Start with thinking of Alice in Wonderland with Tweedledee and Tweedledum being the 17th century Italian Siamese twin surgeon/barbers who specialize in their newly found skill of preserving the youthful vocal tessuratura of the male youth through castration while working out of their Naples barbershop. The narrator, who is a gossipy harpsichord-playing (and quite talented) bewigged opera maven, looks like something out of a Moliere farce. The obligatory loin-clothed noble savage/idiot savant outwardly abused and humiliated is slyly but blatantly our interpreter of the others’ foibles. There’s a Mr. Ed facsimile as the hoof-stomping talking horse played by an aggressive centaur kept behind waist-high stable doors and therefore seen only as naked from the waist up but heard to be frustratedly pawing the ground as he proselytizes while exuding an animal carnality and glistening with sweat and sex. Last but not least, a character looking like Mr. Toad from the classic Wind in the Willows with more and more elaborately androgynous costumes as the play progresses, and the voice of — yes, that’s right — a genuine castrato. Was he or wasn’t he? Only his barber/surgeon knows for sure. I personally believe that the actor playing this character, for whatever reason, is a genuine castrato. (I know for a fact that he is — but I’m sworn to secrecy. Loose lips sink ships…)
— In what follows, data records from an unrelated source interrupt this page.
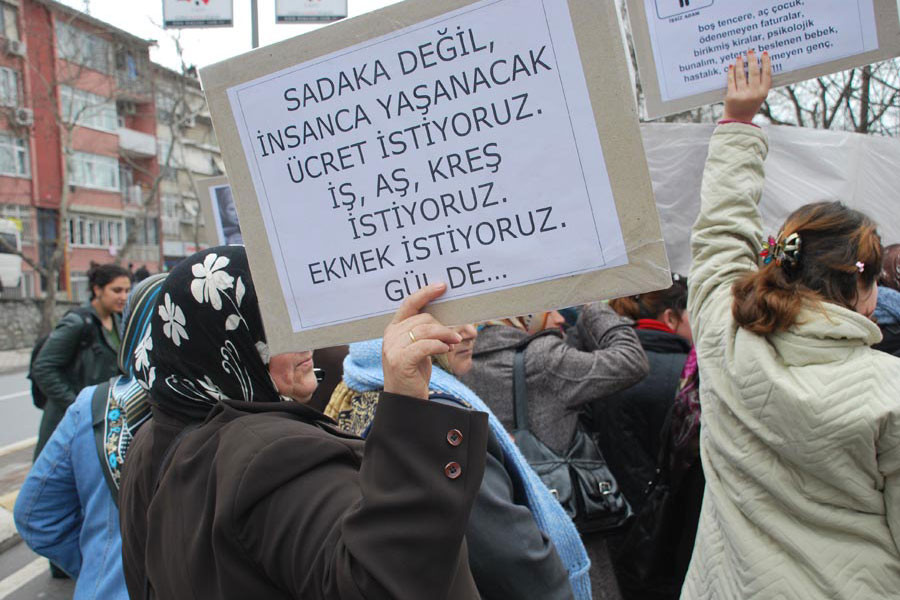 Türkiye’de DİSK-AR’ın raporuna göre işsizlik 18 milyona dayanırken, ekonomik kriz ve pandemi dönemi en çok kadınların istihdama katılımını etkiledi. Kadınların erkeklere göre daha fazla dönüşümlü çalıştırılan, yıllık izne çıkartılıp, kısa çalışma ödeneği ile çalıştırılan taraf olduğu sendikaların raporlarına da yansıdı. Bu sayıların gerçekliğini mahallemiz Tuzluçayır’da görmek mümkün. Çok sayıda kadın bu dönemde işini kaybetti ya da izne çıkartıldı. Derneğimize pandemi öncesine oranla çok daha fazla kadın yardım talebiyle geliyor. Derdini, sorununu, eve ekmek alabilmek için ne mücadeleler verdiğini anlatıyor. İşte birkaç örnek…
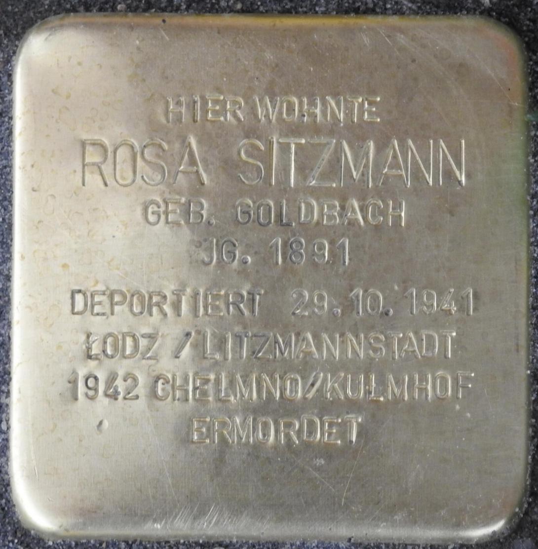 Rosa Sitzmann wurde am 5. März 1891 geboren. Ihre Eltern waren der Pferdehändler Jakob Goldbach und Emma Goldbach, geborene Adler. Die jüdischen Familien in Unterriedenberg lebten früher vor allem vom Viehhandel.
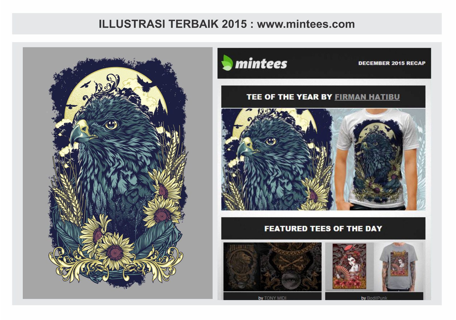 “Kalau kualitas bagus tidak mungkin banyak revisi, kalau revisi malah kita yang haru lebih bersemangat,” terang profesional ilustrator yang mempunyai ciri khas hijau tosca, tidak ada gradasi dan high detail pada gambarnya.
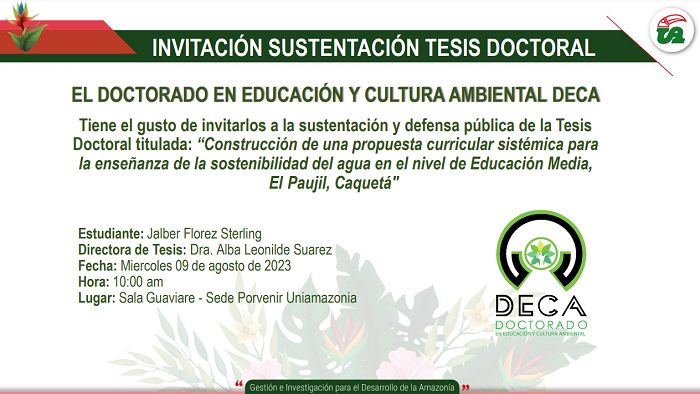 El Doctorado en Educación y Cultura Ambiental, tiene el gusto de invitarlos a la sustentación y defensa pública de la tesis Doctoral titulada: "Construcción de una propuesta curricular sistémica para la enseñanza de la sostenibilidad del agua en el nivel de Educación Media, El Paujil, Caquetá ",  del estudiante Jalber Florez Sterling.
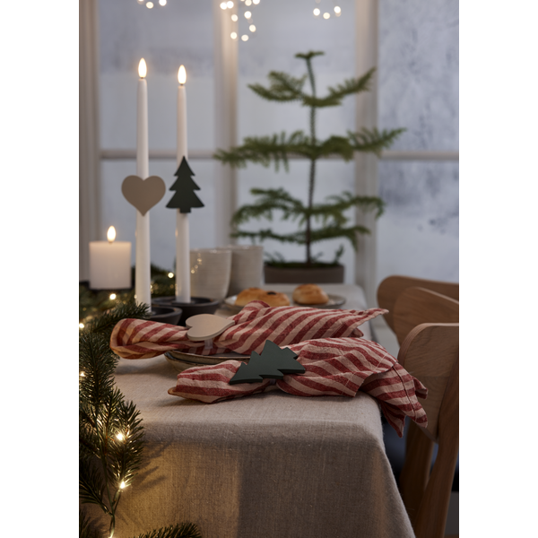 Dar vienas didelis privalumas – universalumas. Šie aksesuarai dera ne tik prie Kalėdinio dekoro, bet ir prie kitų sezonų interjero sprendimų: pavasario stalui, vestuvių dekorui ar net Valentino dienos aplinkai. Tai ne vien sezoninė, o ilgalaikė interjero detalė, kuriai visada atsiras vietos.
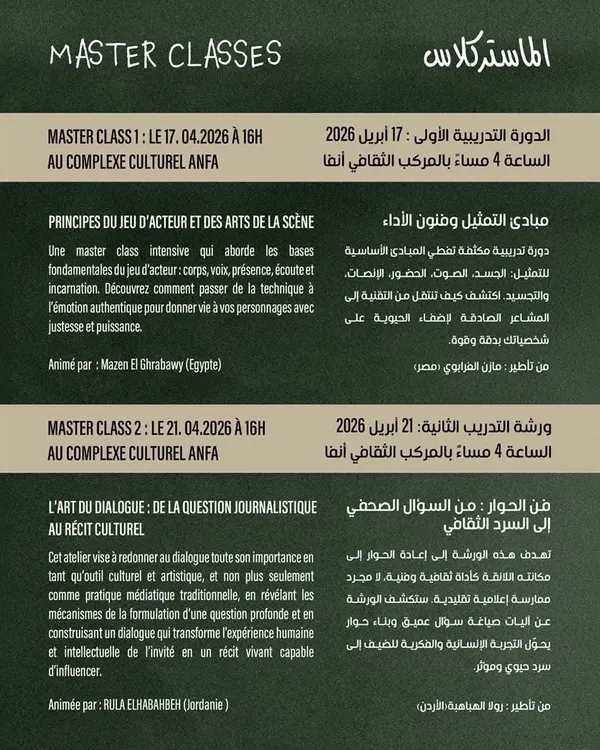 ويقدّم المهرجان على مدى عشرة أيام برنامجاً غنياً يجمع عروضاً مسرحية من فلسطين وإيطاليا وفرنسا والمغرب، إلى جانب ندوات فكرية وورشات تدريبية (ماستر كلاس)، تفتح المجال أمام التفاعل المباشر بين الفنانين والجمهور، وتعزز تبادل الخبرات في فضاء ثقافي عابر للحدود.
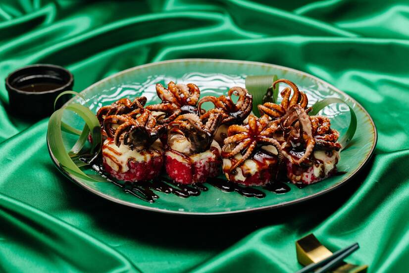 Норі, рис, крем-сир, ікра масаго, омлет томаго, груша, восьминіг, соус унагі, сирна шапка
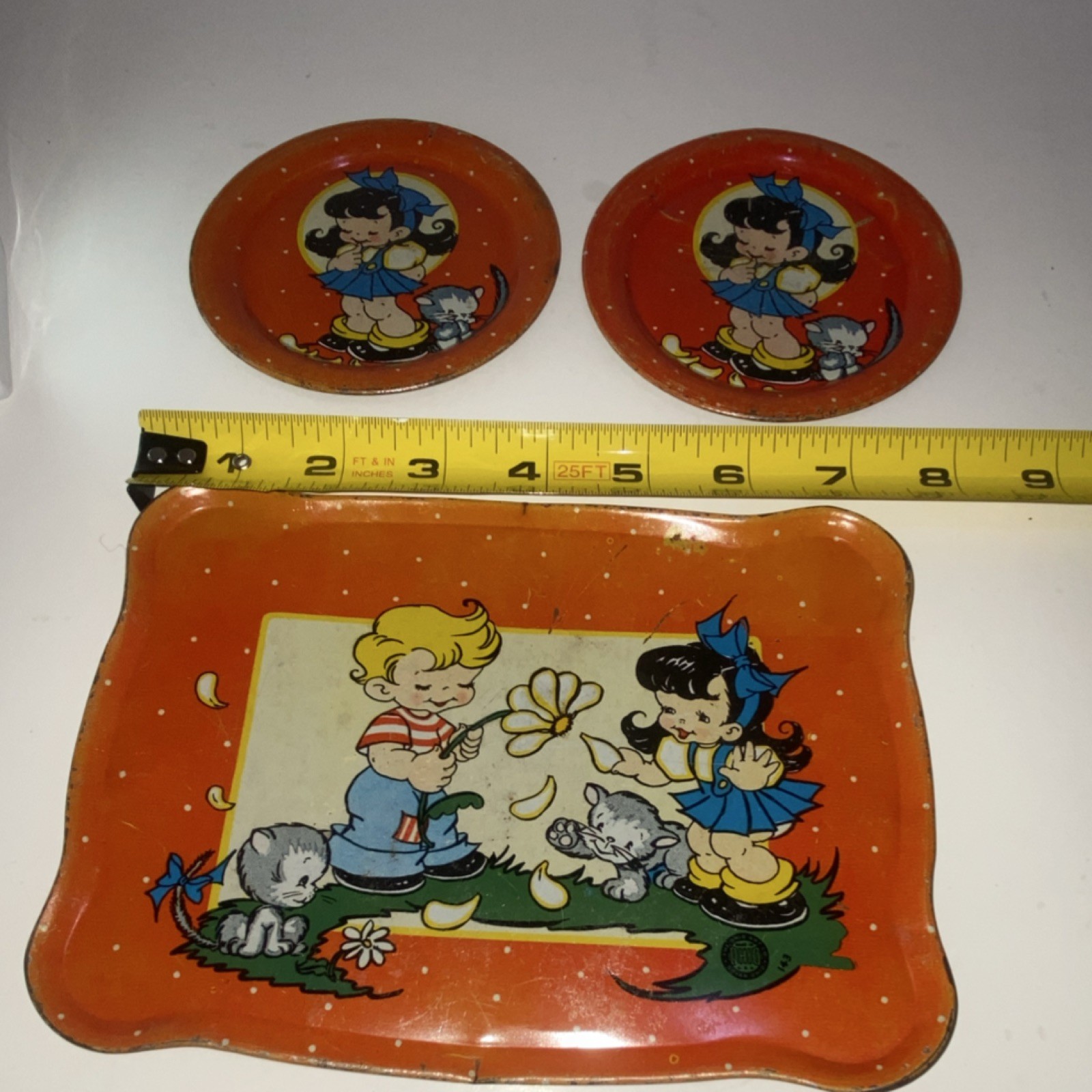 Vintage 1940's-50's Ohio Art Tin Litho Tea Set Girl Boy Cat 3pc
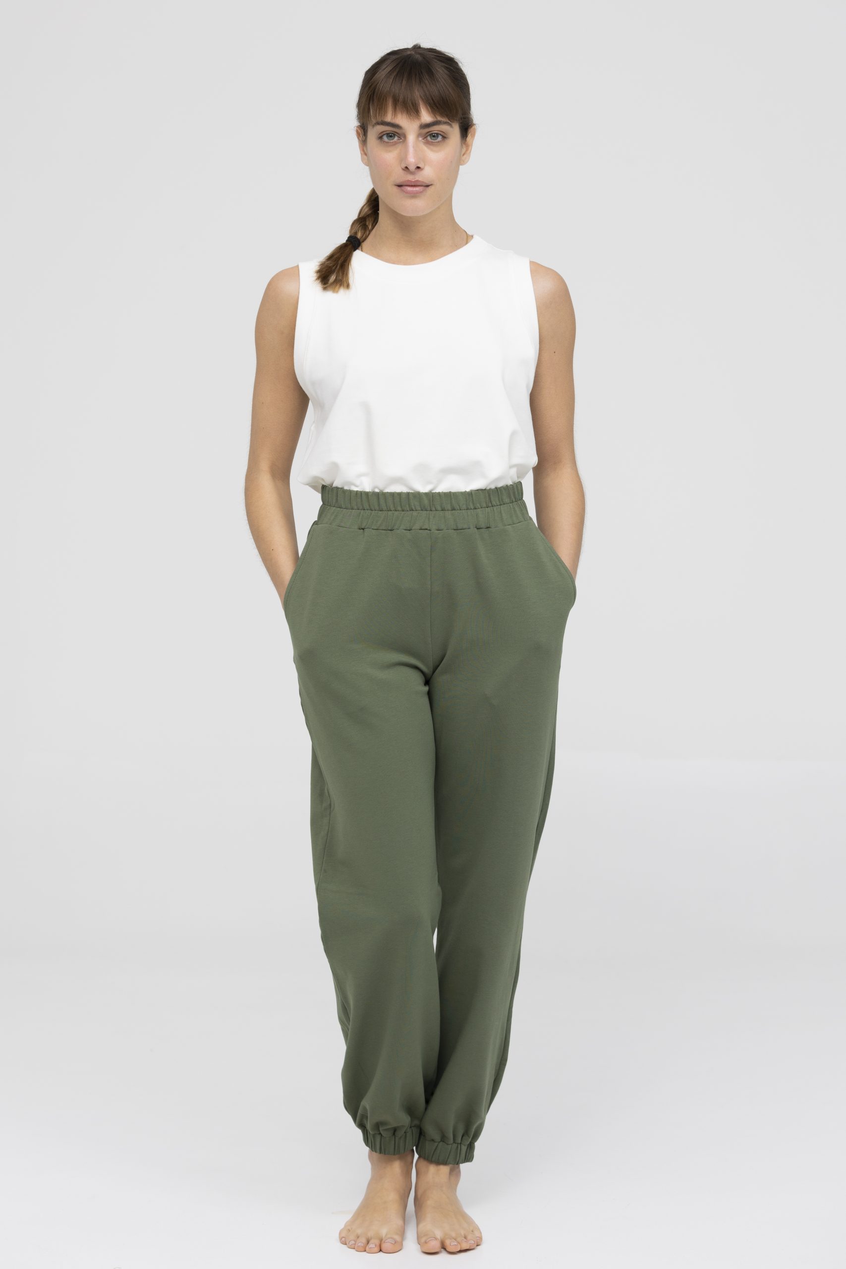 Παντελόνι με τσέπες σε άνετη γραμμή με λάστιχο στους αστραγάλους. Βαμβακερό κατά 95% αποτελεί εύκολη λύση για ασκήσεις στο πιλάτες τη yoga αλλά και όλες τις δραστηριότητες μέσα στην ημέρα. Απόλυτος εκφραστής του athlesuire style συνδυάζεται με πολλούς τρόπους.
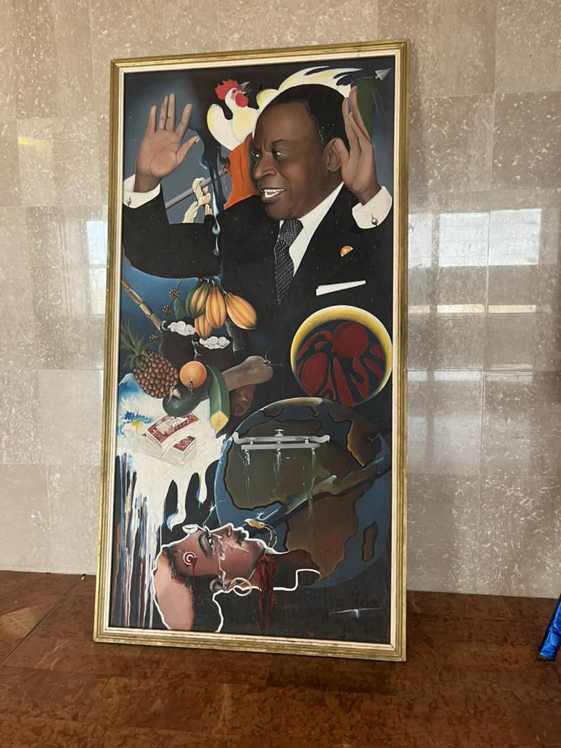 L’espace est très grand dégage. Une fraîcheur et une bonne odeur s’en dégagent. Une grosse toile en dessein avec pleins de représentations, des couleurs allant du bleu, au blanc, en passant par le rouge, est accrochée sur le cimaise. C’est une œuvre du professeur d’art plastique du lycée scientifique du nom N’Guessan Toma qui a fait ce don pour la galerie. Dans cette toile, il peint Houphouët en habit traditionnel, en contraste avec un homme moderne symbolisé par le chapeau qui porte l’emblème de la famille, le bélier. Avant qu’il ne soit Président de la Côte d’Ivoire, depuis 1940, il a été chef de Canton de Yamoussoukro. Ce qui lui a permis d’avoir de grande surface de terre pour travailler le pays.
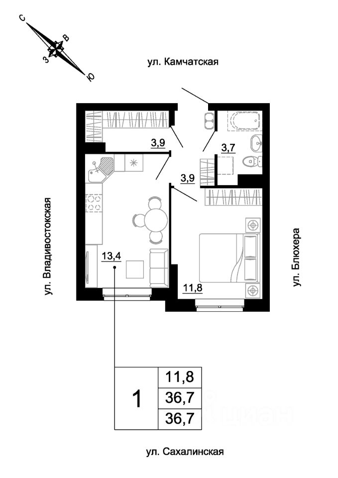 продам 1-к, Сахалинская, 2 стр.5 653 330 ₽

Last, but not least, Napoleon and Napoleon’s horse. Yes, that’s right. Napoleon enters riding a dressage trained Appaloosa right there on the stage which is a large sand-filled area not much bigger than a boxing ring, which, come to think of it, that may be what it was supposed to represent, not unlike some ’30s German theater sets. All this and then add one last fillip; it’s in Spanish with subtitles. This was not an evening of sitting in front of the TV watching CSI :Miami repeats and looking for the clues. This was truly live theater with no slouches allowed.
Samuel Taylor Coleridge’s “willing suspension of disbelief” is much too simplistic a manner in which to approach this theater piece. With these characters in mind, there is an actual story created by this 18th century phenomena of castration. This play is a mosaic that gathers the extravagances of this outstanding and enigmatic florid chapter of European cultural history. Delivered with off-the-wall humor and terrific musical aplomb using scores from Rameau, Pergolesi, Bononcini, and Handel, this raucous farce reaches back to the era of the castrati — superstars of 18th-century opera whose heavenly prepubescent voices won swooning adoration across the continent’s highest courts. We have a swift review of three centuries of music and its history and its fashions from “bel canto” to techno passing through Claude François and Madonna told through a feast of scenes that give form to this musical altarpiece: the presence of castration in the Italian opera, the arch Baroque dance, the tales and superstitions related to monsters, mythological or just imaginary, all joined to create a macabre entertainment.
Monsters and Prodigies is a revealing spectacle as it peels back the skin of one of the sublime mysteries in musical history as if it were peeling the skin from a pleasingly painful sunburn. With a precise and wild gaze, ironic and reflexive, a picaresque scene hallmarked with circus-like aesthetics, it celebrates the theme of the castrati in an ironically tender fashion in which the incomparable voice of the castrati is revealed.